A new study reveals that direct-acting antivirals, like sofosbuvir, may help improve kidney function in some patients.
Part of the treatment regimen for individuals with chronic kidney disease (CKD) and hepatitis C virus (HCV) infection, direct-acting antiviral (DAA) medications may, in fact, provide greater benefit to infected individuals than previously thought. The results of a new study, published in the Clinical Journal of the American Society of Nephrology, show that DAAs may even help improve the kidney function of some patients.
“There has been very limited data regarding the safety of direct-acting antiviral therapies in patients with CKD,” corresponding author Meghan Sise, MD, MS and an assistant in medicine at Massachusetts General Hospital, said. “This study shows that kidney function was, on average, stable during DAA therapy.”
HCV infection is common in patients with CKD and increases their risk of progressing to kidney failure, the researchers wrote.
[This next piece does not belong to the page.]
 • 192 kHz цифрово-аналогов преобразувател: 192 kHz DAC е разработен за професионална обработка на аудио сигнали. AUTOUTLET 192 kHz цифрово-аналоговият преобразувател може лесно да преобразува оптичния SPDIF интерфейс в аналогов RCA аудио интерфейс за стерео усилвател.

However, most HCV-infected patients with CKD remain untreated because of adverse effects from therapies such as interferon, ribavirin, and first-generation protease inhibitors.
The direct-acting antiviral sofosbuvir (Sovaldi, Gilead Sciences Inc.) has had a high success rate in treating chronic HCV. But the potential for toxicity to the kidneys has raised some concern, especially in patients with CKD, the researchers said.
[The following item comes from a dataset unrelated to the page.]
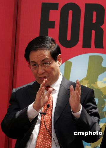 2005北京《财富》全球论坛5月18日专门举行“中国银行业改革近况”会议,中国银监会主席刘明康(左)在会上介绍:中国的银行2003年能够达到全球标准的资金只有0.5%,2004年达到了47%以上,到2006年之前80%的银行在这方面的资产将达到国际标准。作者:任晨鸣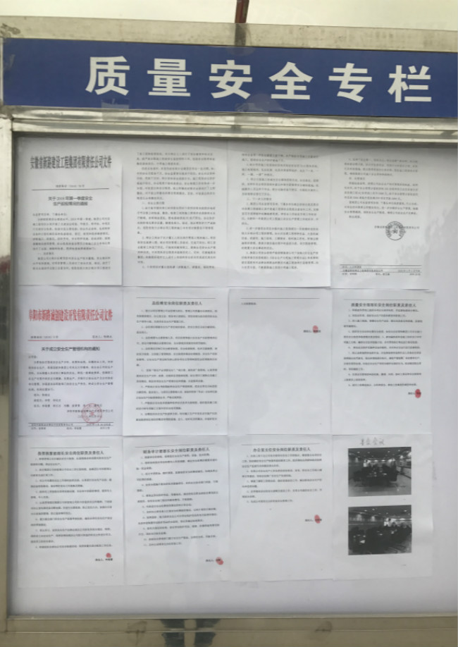 为了认真贯彻、落实“安全第一、预防为主,综合治理”的方针,进一步强化管理公司安全管理工作责任制,采取有效措施,预防和减少各类安全事故的发生,2018年4月10日我公司召开安全例会,设立安全生产管理机构,并及时建立安全生产责任制度并明确责任人;并将主要岗位安全生产职责和相关信息按要求进行公示,建立安全检查、事故报告、事故应急管理、专家论证、安全奖惩制度等。

Therefore, Dr. Sise and her colleagues at Massachusetts General Hospital set out to learn more. To this end, they studied 98 patients with stages 1-3 CKD who received sofosbuvir-based therapy in a large healthcare system.
Overall, the investigators found that sustained virologic response (SVR) reached 81%, with patients maintaining stable kidney function. Interestingly, individuals with advanced CKD were more likely to be cured of HCV than those with mild cases. In addition, patients who reached SVR saw improved kidney function following treatment, the researchers found.
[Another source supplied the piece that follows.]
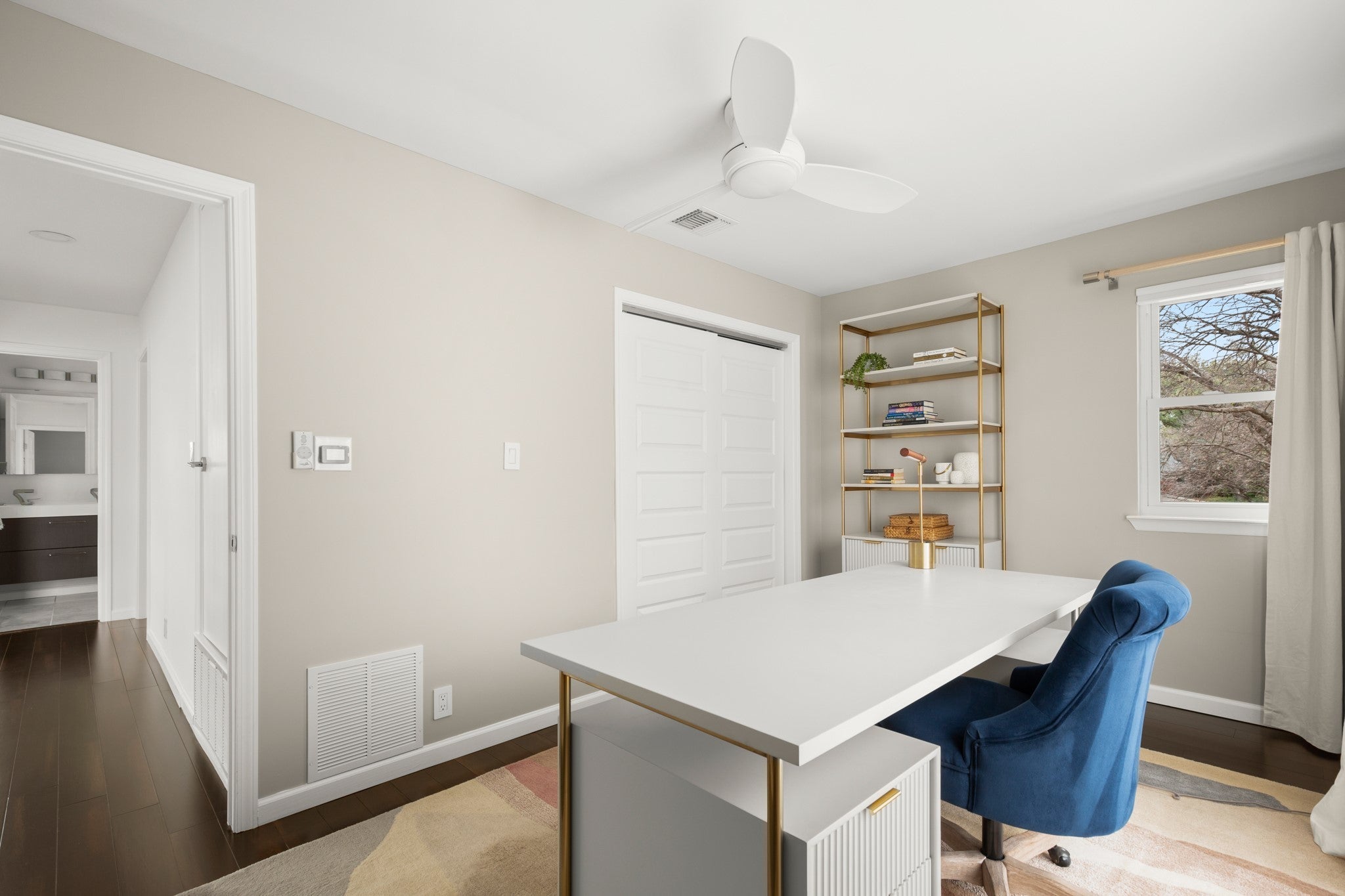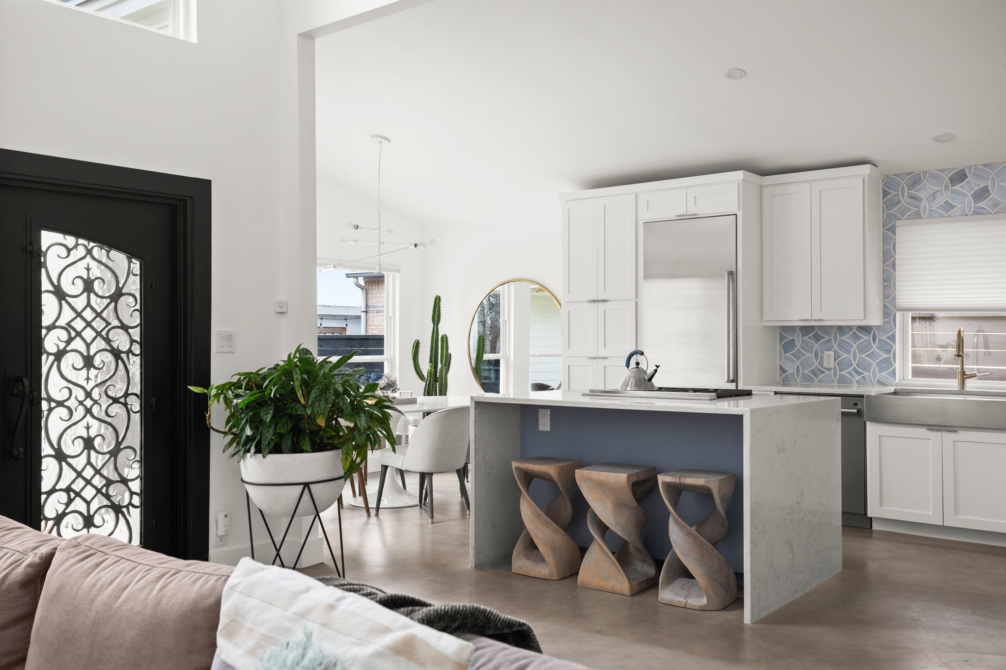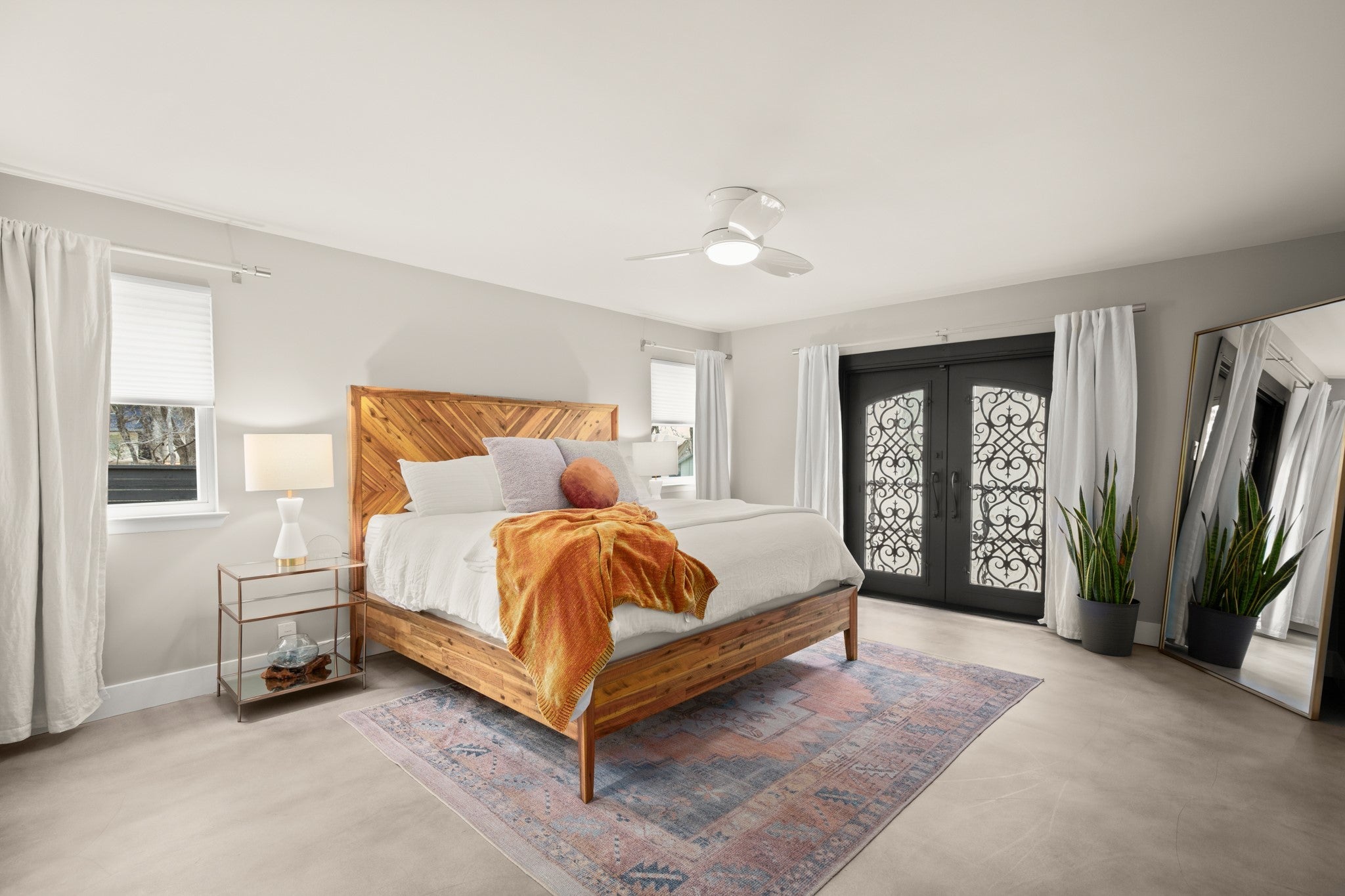 Tucked beneath the canopy of East Travis Heights in Austin, 1813 Crooked Lane invites you into a home where every detail tells a story of thoughtful design and elevated living. From the moment you pass through the custom Exclusive Iron Doors, a sense of craftsmanship unfolds—warm wood tones, a striking iron-and-cedar staircase, and soft natural light filtered through Hunter Douglas automated shades. The heart of the home is a kitchen designed to gather and impress, where a Wolf appliance suite and Sub-Zero refrigeration pair effortlessly with a bespoke Ann Sacks backsplash. It opens seamlessly to the living spaces, where a sleek quartz fireplace anchors moments both lively and quiet. The primary suite becomes a retreat of its own, wrapped in custom marble tile, with spa-inspired finishes that create a sense of calm, while each additional space carries its own curated character. Step outside, and the narrative shifts to effortless Austin living. A private pool glistens under the Texas sun, while the detached guest casita—complete with a custom outdoor shower—sets the stage for hosting friends, accommodating extended family, or weekend entertaining. Sustainability meets sophistication with solar power, a standing seam metal roof, upgraded Ringer windows, and a rainwater collection system, while the garage transforms into a polished extension of the home with epoxy floors, a Tesla charger, and a fully equipped Rogue gym. Beyond the property, the best of Austin is just moments away—from the energy of South Congress to the scenic beauty of Lady Bird Lake. Offered with fully furnished options, this residence is a refined personal escape that also presents a strong short-term rental opportunity—where lifestyle and investment potential come together seamlessly.

Even so, 81% of patients saw at least 1 new or worsened symptom while on the DAA treatment or within 4 weeks of completing therapy. When ribavirin was co-administered, the odds of adverse events increased, the researchers found.
Serious adverse events affected 17% of the patients, although only 8% discontinued treatment. The degree of CKD did not change the rate of side effects, the team found.
Previous studies of sofosbuvir have shown SVR rates approaching 100% in some populations, but the lower rate in this study had a reasonable explanation, Dr. Sise said.
“This study looked at all patients treated so it included all genotypes,” Sise said. “Patients with genotypes 3 are much harder to cure.”
In addition, many of the patients received sofosbuvir and ribavirin. This therapy isn’t as effective as newer, more potent, combination DAAs, Dr. Sise said. She continued, “I suspect that these are the reasons for the SVR rate that is lower than what is typically seen in the general population.”
Larger studies are needed to determine if eradication of HCV with DAAs slows or prevents progression to end-stage kidney disease in patients with CKD and HCV, researchers wrote. In fact, the according to Dr. Sise, “We are now examining a population of 2000 patients treated with DAAs to determine the effect of DAAs on kidney function.
Disclosures: Dr. Sise and others reported research grants from Gilead, AbbVie, Merck & Co., Bristol-Myers Squibb and Janssen. Some of the authors also participated on drug makers’ scientific advisory boards.